Task directions |
Reproduce exactly the lines below, starting at the line that contains "バッグ内側には3mmの断熱材" and ending with the last line of the records, both included; leave out any pictures.
─── Records to process ───
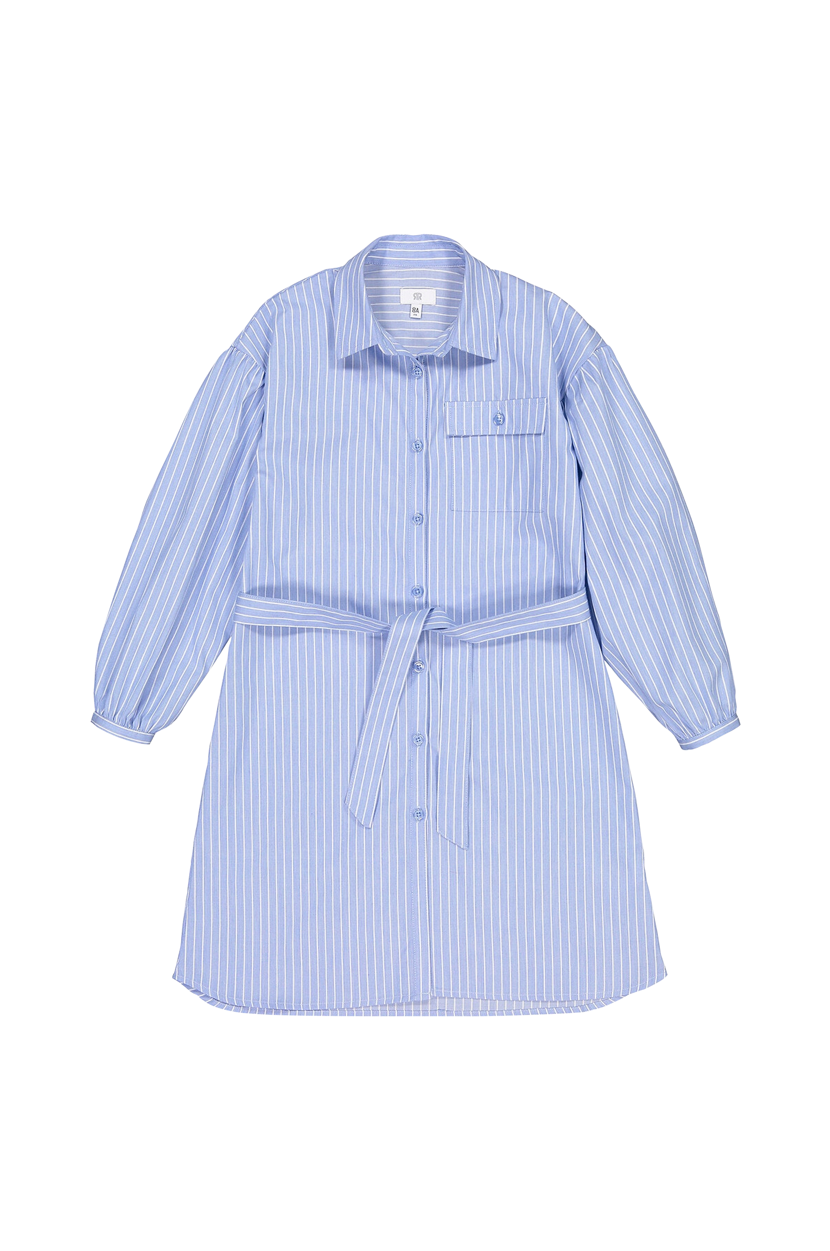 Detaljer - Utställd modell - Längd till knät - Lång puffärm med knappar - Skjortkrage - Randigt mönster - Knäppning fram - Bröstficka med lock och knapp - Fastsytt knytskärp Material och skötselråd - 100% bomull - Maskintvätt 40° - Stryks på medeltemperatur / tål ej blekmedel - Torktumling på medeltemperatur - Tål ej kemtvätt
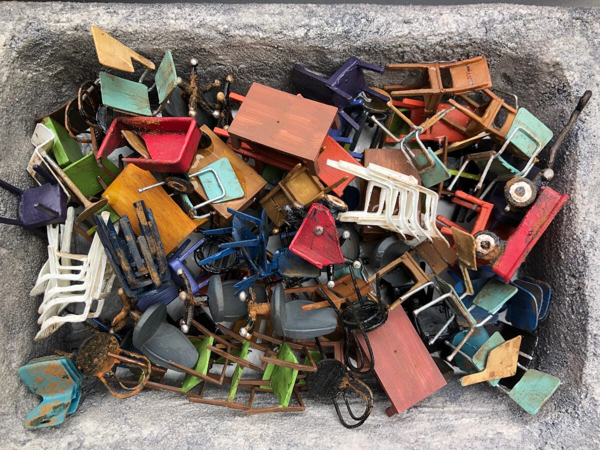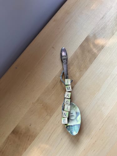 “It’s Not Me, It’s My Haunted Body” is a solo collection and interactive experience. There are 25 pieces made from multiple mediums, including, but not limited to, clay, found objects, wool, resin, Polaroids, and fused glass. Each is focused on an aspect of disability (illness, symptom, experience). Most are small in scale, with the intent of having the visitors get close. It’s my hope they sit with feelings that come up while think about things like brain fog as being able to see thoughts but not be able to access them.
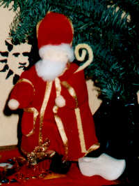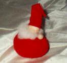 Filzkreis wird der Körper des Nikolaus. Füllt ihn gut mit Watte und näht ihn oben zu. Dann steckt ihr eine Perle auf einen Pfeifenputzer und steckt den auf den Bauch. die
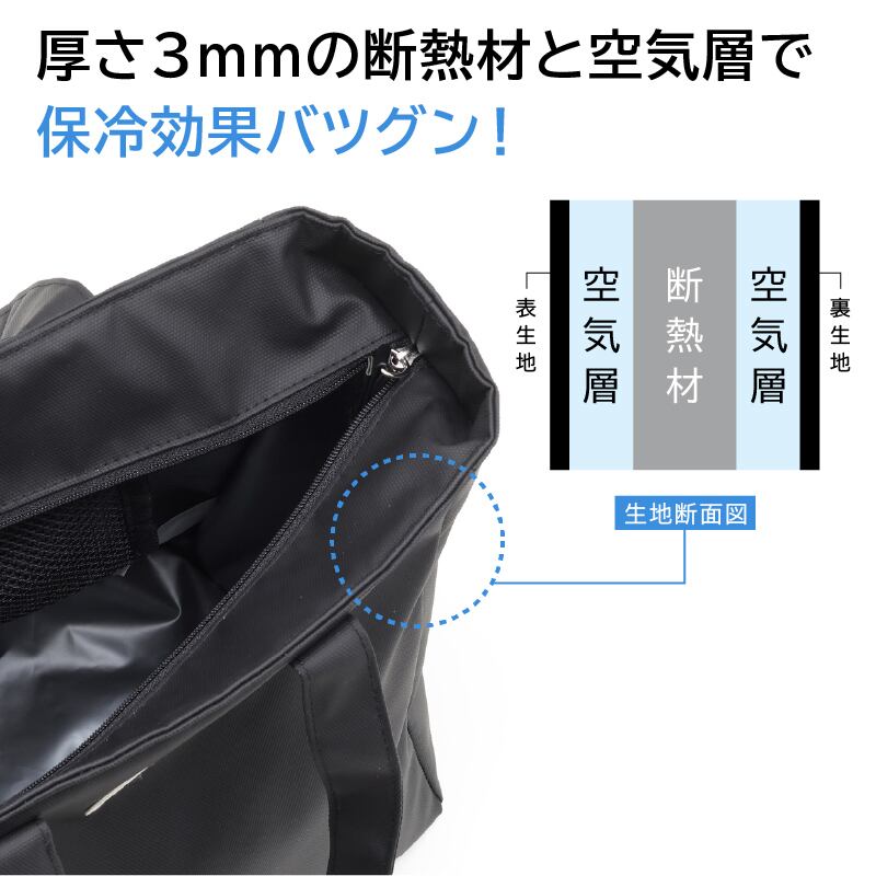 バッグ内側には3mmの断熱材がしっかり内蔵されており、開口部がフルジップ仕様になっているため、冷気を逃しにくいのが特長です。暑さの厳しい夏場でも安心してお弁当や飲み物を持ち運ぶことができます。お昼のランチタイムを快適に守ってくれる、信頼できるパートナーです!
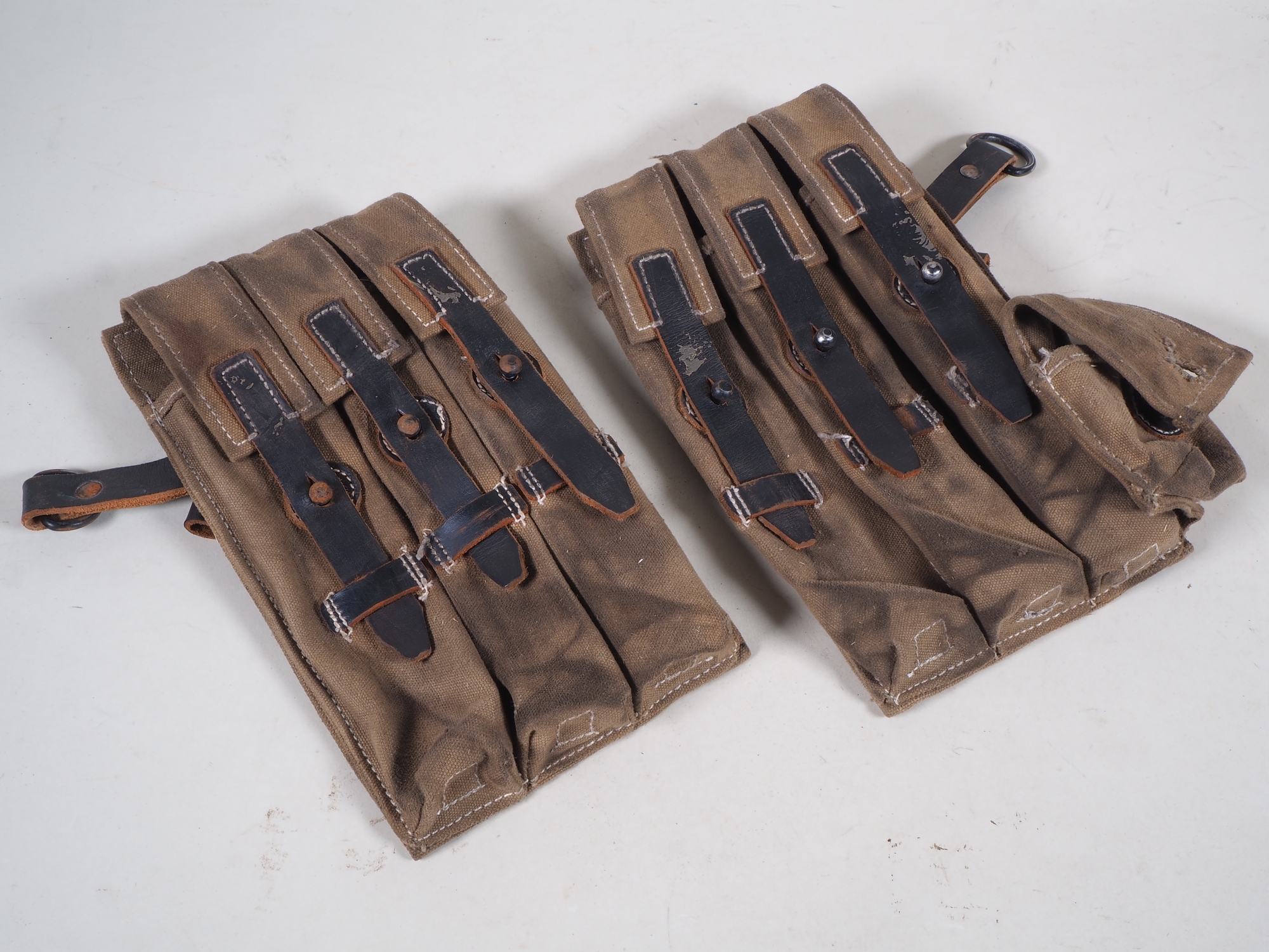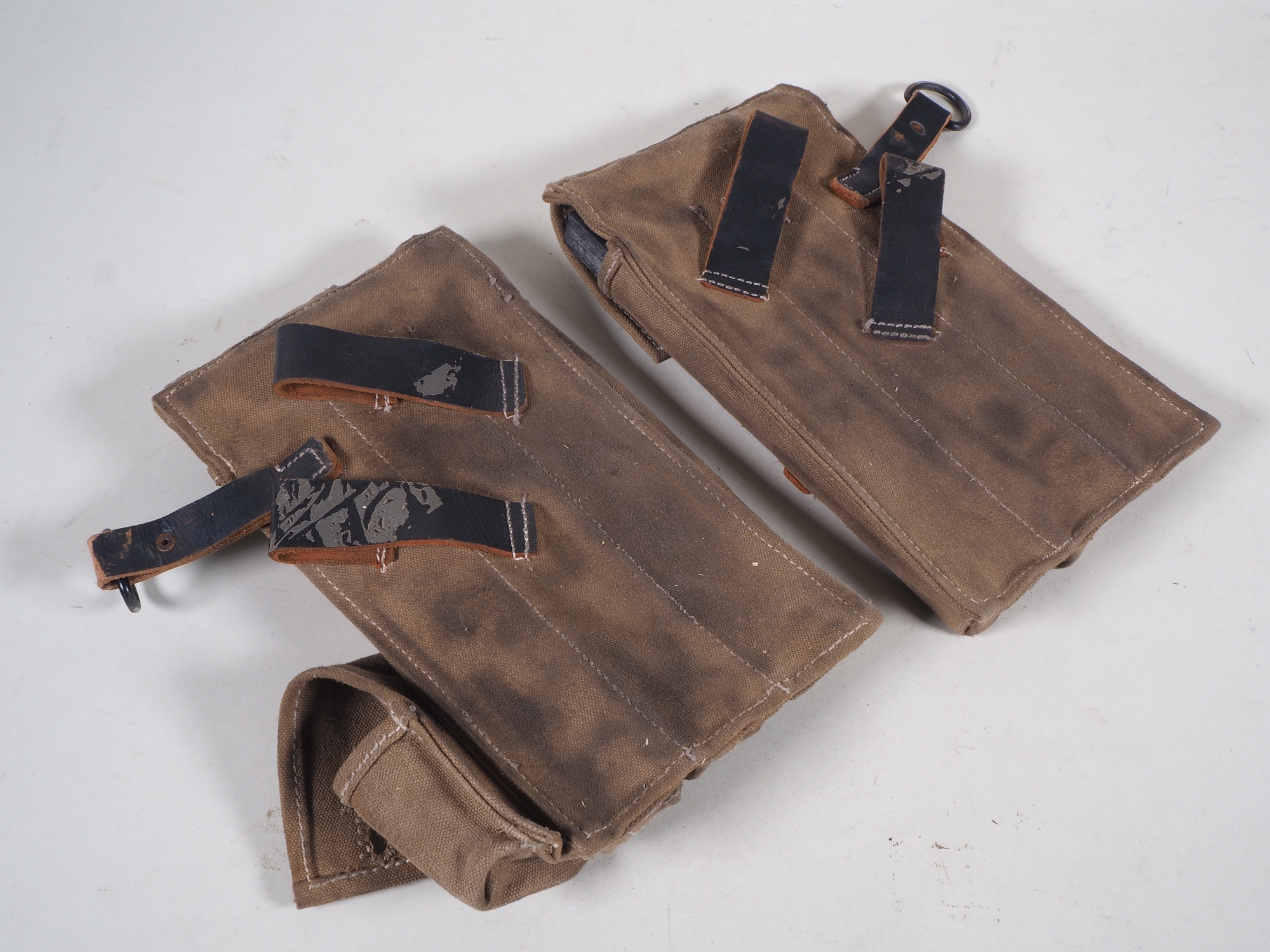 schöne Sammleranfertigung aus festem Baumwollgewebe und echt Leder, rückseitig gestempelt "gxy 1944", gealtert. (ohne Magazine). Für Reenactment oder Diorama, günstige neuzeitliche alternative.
───
Completed task |
 バッグ内側には3mmの断熱材がしっかり内蔵されており、開口部がフルジップ仕様になっているため、冷気を逃しにくいのが特長です。暑さの厳しい夏場でも安心してお弁当や飲み物を持ち運ぶことができます。お昼のランチタイムを快適に守ってくれる、信頼できるパートナーです!
 schöne Sammleranfertigung aus festem Baumwollgewebe und echt Leder, rückseitig gestempelt "gxy 1944", gealtert. (ohne Magazine). Für Reenactment oder Diorama, günstige neuzeitliche alternative.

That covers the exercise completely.